The reasons to use PostGIS are numerous:
Efficiency by avoiding cross-joins. Postgres/PostGIS can index data for hyper-efficient spatial joins. For example, if I have a bunch of polygons for ZIP code boundaries in New York and California, and many points in both California and New York, my query engine should be intelligent enough to determine that it shouldn’t check if a point is contained in an obviously distant shapes–don’t check if points in NY belong in CA.
Scale. You can very easily get about 120 million points indexed on a standard MacBook Pro running PostGIS-- I’m sure you can comfortably get many more on a 2xlarge EC2. (As an added bonus, running these analyses locally means that you don’t have to ask a DBA for permission to make table changes.)
Postgres ecosystem. Postgres is a quite good analytics database, having a rich syntax for date-time handling, analytic functions, custom types, and UDFs, amongst other features.
Living documentation. Since the GIS community has hardly migrated away from PostGIS, you have the benefit of 10+ years of StackOverflow Q+A’s.
QGIS is my vote for the best free geospatial data visualizer and editor. Candidly, I wish I didn’t have to use QGIS. It’s quite buggy--long-time colleagues know I describe it as a piece of malware that happens to double as mapping software. However, it’s still the best free GUI for the job.
- Install Postgres.

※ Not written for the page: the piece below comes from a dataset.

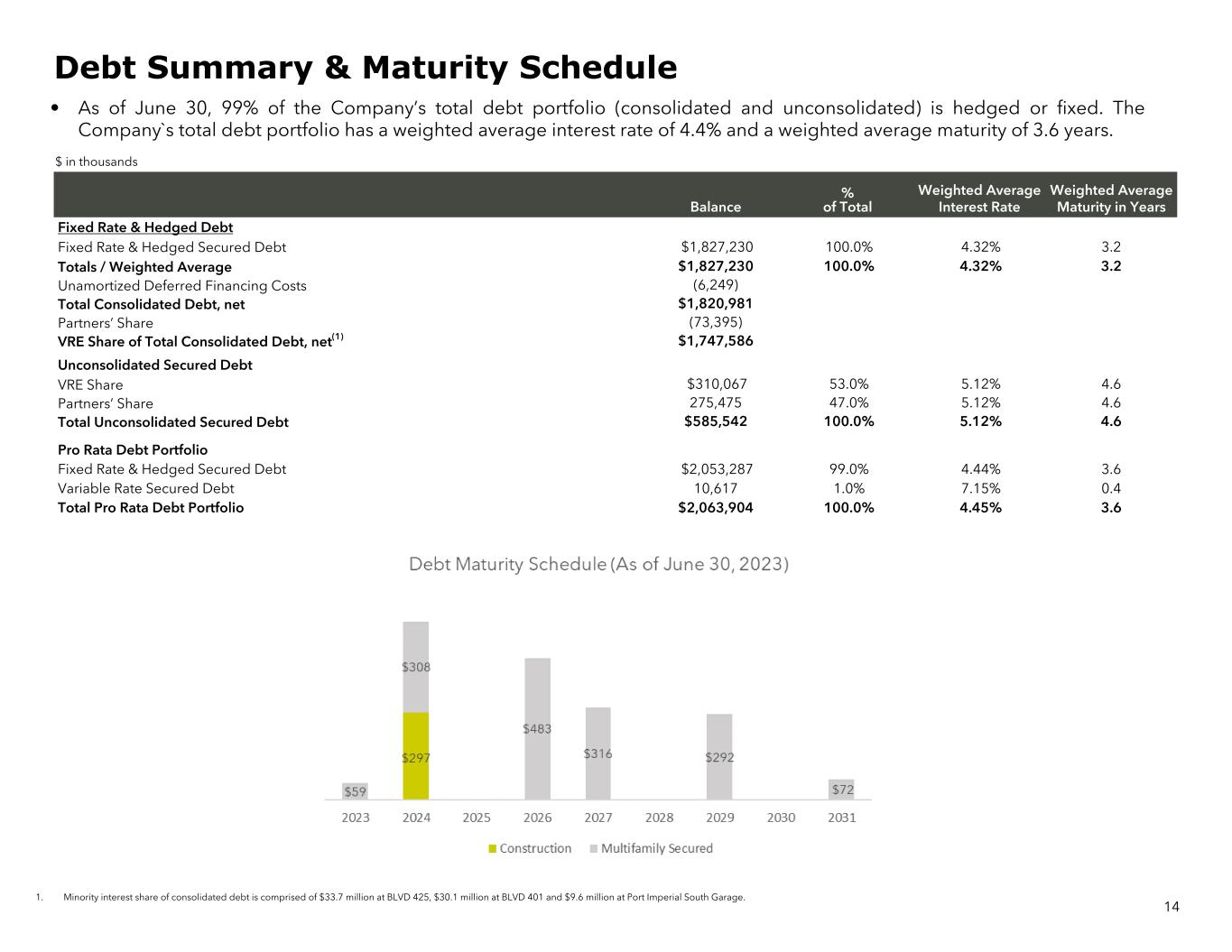 • As of June 30, 99% of the Company’s total debt portfolio (consolidated and unconsolidated) is hedged or fixed. The Company`s total debt portfolio has a weighted average interest rate of 4.4% and a weighted average maturity of 3.6 years. $ in thousands 14 Balance % of Total Weighted Average Interest Rate Weighted Average Maturity in Years Fixed Rate & Hedged Debt Fixed Rate & Hedged Secured Debt $1,827,230 100.0% 4.32% 3.2 Totals / Weighted Average $1,827,230 100.0% 4.32% 3.2 Unamortized Deferred Financing Costs (6,249) Total Consolidated Debt, net $1,820,981 Partners’ Share (73,395) VRE Share of Total Consolidated Debt, net(1) $1,747,586 Unconsolidated Secured Debt VRE Share $310,067 53.0% 5.12% 4.6 Partners’ Share 275,475 47.0% 5.12% 4.6 Total Unconsolidated Secured Debt $585,542 100.0% 5.12% 4.6 Pro Rata Debt Portfolio Fixed Rate & Hedged Secured Debt $2,053,287 99.0% 4.44% 3.6 Variable Rate Secured Debt 10,617 1.0% 7.15% 0.4 Total Pro Rata Debt Portfolio $2,063,904 100.0% 4.45% 3.6 Debt Summary & Maturity Schedule 1. Minority interest share of consolidated debt is comprised of $33.7 million at BLVD 425, $30.1 million at BLVD 401 and $9.6 million at Port Imperial South Garage.

I'd recommend either Docker PostGIS (if you're familiar with Docker) or the Postgres.app installation if you're not.
- Install PostGIS. Connect to the prompt of your Postgres installation and type
CREATE EXTENSION postgis;
If it's already installed, you'll get the messageERROR: extension "postgis" already exists
. If instead you see the phraseCREATE EXTENSION
, you'll have installed the PostGIS extension for Postgres, which will let us manipulate geometry data in SQL. - Install QGIS. QGIS will help visualize our work. (I recommend the KyngChaos installation if you're using OS X.) It's not uncommon in my experience for QGIS to be buggy, and the installation process is occasionally finicky.
- Install shp2pgsql. You may also need to install shp2pgsql for converting shapefiles to Postgres data.

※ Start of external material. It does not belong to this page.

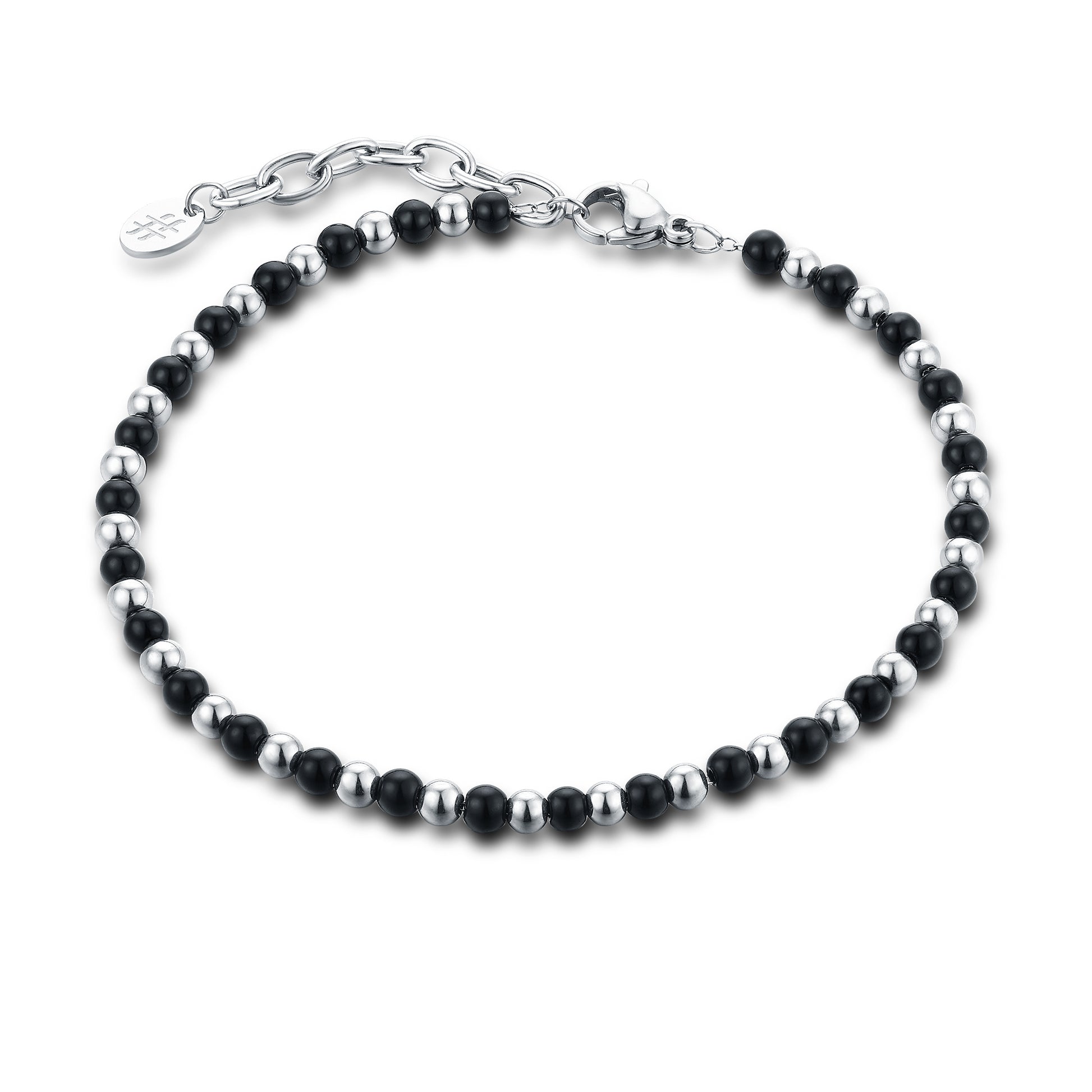 Bracciale sfere di agata nera ed ematite da 3,5mm.

- Install a basemap plugin. Optional, but highly recommended–install a basemap plugin. This will put a common map (like Google Satellite map or the beautiful Stamen Toner) behind the geometry objects that we’ll visualize.
- From the Uber TLC FOIL data set, download the July 2014 data by right-clicking here and selecting Save as....
- Download the New York state urban area neighborhood boundaries from Zillow.com by clicking here. Unpack the zip file and double-click on the .shp, and open it up in QGIS. We should be able to navigate to the burroughs of New York City.
Here's a directory with both files:
duberstein@MacBook-Pro:~/Desktop/geo|
⇒ ls
ZillowNeighborhoods-NY uber-raw-data-jul14.csv
I can copy the neighborhood boundaries into Postgres using the shp2pgsql
utility:
duberstein@MacBook-Pro:~/Desktop/geo|
⇒ shp2pgsql -s 4326 ZillowNeighborhoods-NY/ZillowNeighborhoods-NY.shp ny_nbhds postgres > ny.sql
My produces a SQL file with all the shape data--run more ny.sql
to see the contents. You can execute that SQL file from psql
with the -f
flag.
duberstein@MacBook-Pro:~/Desktop/geo|
⇒ psql -f ny.sql
Your psql
command may require a different connection string. If you installed Postgres.app, you may want to try,
duberstein@MacBook-Pro:~/Desktop/geo|
⇒ /Applications/Postgres.app/Contents/Versions/9.5/bin/psql -f ny.sql
(If you find yourself typing this frequently and don't want to type this out in full, learn about Bash aliases.)
You've now created a table called ny_nbhds
. Check it out using psql
:
duberstein@MacBook-Pro:~/Desktop/geo|
⇒ psql
psql (9.5.7)
Type "help" for help.
duberstein=# SELECT COUNT(*) FROM ny_nbhds;
count
-------
266
(1 row)
The table itself contains 277 shapes and their metadata:
duberstein=# \x auto
Expanded display is used automatically.
duberstein=# SELECT * FROM ny_nbhds LIMIT 1;
-[ RECORD 1 ]-
gid | 1
state | NY
county | Monroe
city | Rochester
name | Ellwanger-Barry
regionid | 343894
geom | 0106000020E6100...
The shape data in the geom
column is represented in a format called well-known binary (WKB), which we'll see a few more times. It's a common representation for geometry data.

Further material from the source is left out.